The influence of gender is consistently highlighted [19,26,32,38]. In addition to its significant interaction with other variables on body dissatisfaction and desire for thinness [32], other studies found that body image was a frequent concern among adolescents with T1DM, leading them to reduce food intake [38], and even found that a significant percentage of adolescent girls with T1DM, compared to those without the pathology, omitted or reduced their insulin dose to lose weight and were more likely to report body dissatisfaction [19]. This finding is reinforced by the study by Olmsted et al. [33], which identified that concern about weight and figure, as well as self-esteem based on appearance, were strong predictors of the development of eating disorders in adolescent girls with T1DM.
Other associated factors include concern about medical devices [23] and the greater evaluative salience of appearance in younger adults with T1DM [27]. In addition, other studies observed that adolescents with T1DM with higher body mass indexes tended to manifest disordered attitudes towards eating, with a greater impact on women [43], and these studies also confirmed a high prevalence of eating disorders in adolescents with T1DM, being more frequent in girls and significantly associated with body image problems [40]. More recent studies found a high prevalence of body dissatisfaction associated with eating disorders [24] and reported a significant proportion of adolescents with T1DM with poor body image [37].
3.3. Impact of Body Image Concerns and Self-Perception on Glycemic Control and T1DM Management
Several studies have shown a connection between body image concerns and diabetes management [25,28,32]. Elevated scores on the bulimia subscale were significant predictors of Hb A1c test [32]. Similarly, adolescents with eating disorders were found to have significantly higher Hb A1c levels and lower self-care confidence, showing impaired disease management [25]. At the family level, it was also found that, in single adolescents, a worse perception of body image mediated the relationship between a negative family climate and impaired glycemic control [28].

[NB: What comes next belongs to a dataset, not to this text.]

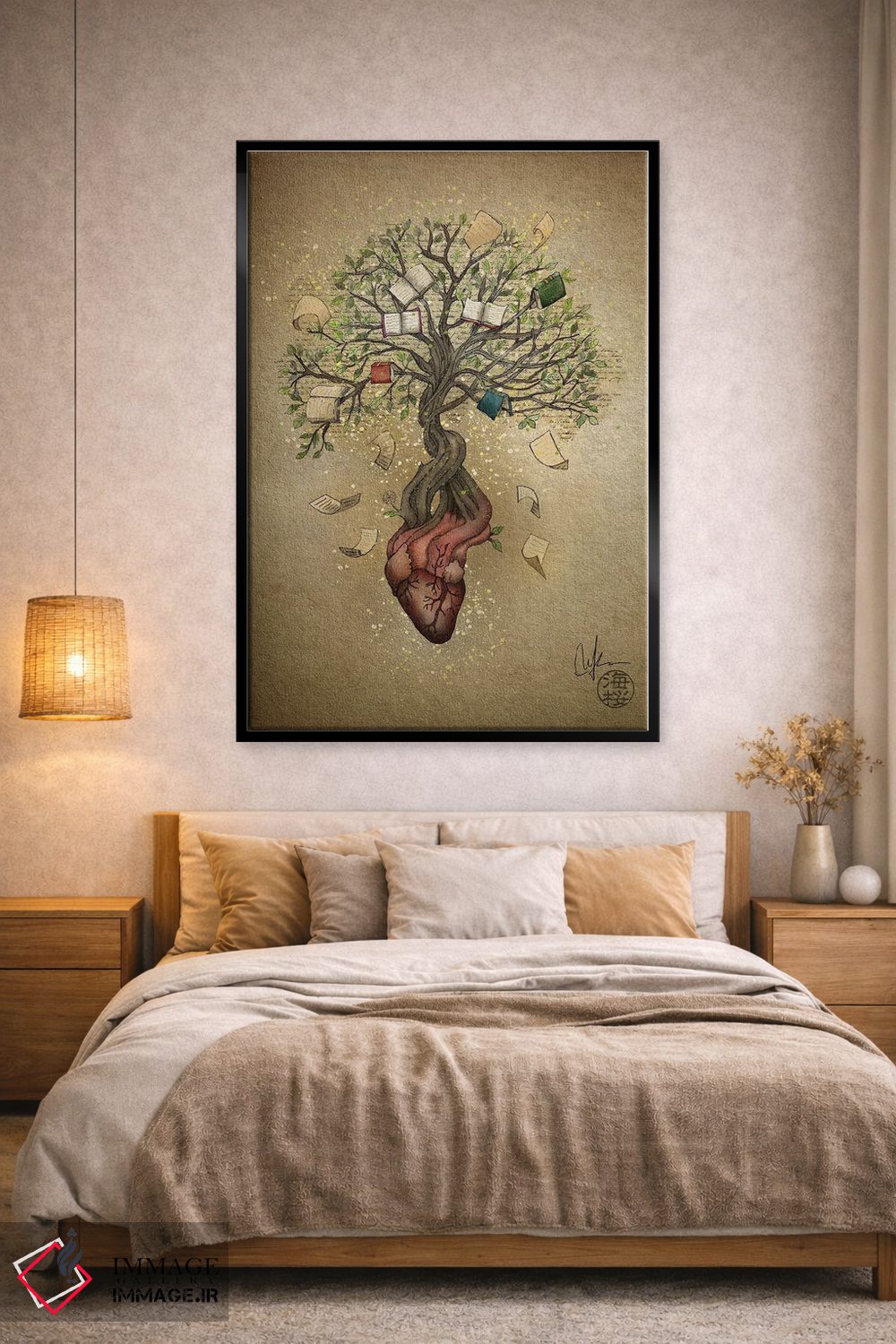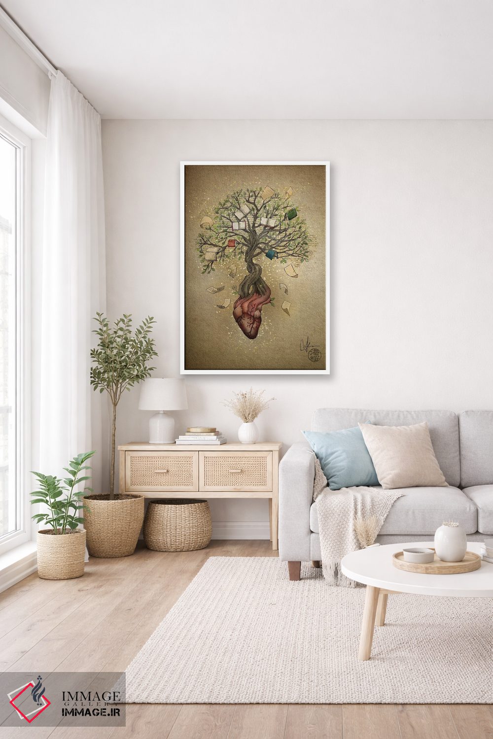 براساس پالت گرم اثر، قاب بلوط روشن (چوبی) پیشنهاد اول است و استخوانی ملایم مکمل. برای سفارشهای پروژهای با ابعاد و قابهای اختصاصی با ایماژ در تماس باشید.

Insulin restriction, as a behavior associated with body image concerns, also negatively impacts glycemic control [21,27]. Younger adults who reported restricting insulin to control weight showed higher Hb A1c [27], with women being more affected [21].
Self-perception also plays a relevant role on glycemic control and T1DM management [22,26,31,40,43]. Studies found a negative correlation between perceived health and Hb A1c, as well as between a sense of coherence and Hb A1c in adolescents with T1DM, suggesting that better self-perception and sense of coherence are associated with better glycemic control [26] and that higher Hb A1c was observed in overweight/obese participants who were also at higher risk of disordered eating [31]. Other studies indicated that young people with T1DM who reported disordered attitudes towards eating tended to have worse glycemic control [40,43], so much so that greater variability in Hb A1c levels was associated with a higher risk of eating disorders in this population [22].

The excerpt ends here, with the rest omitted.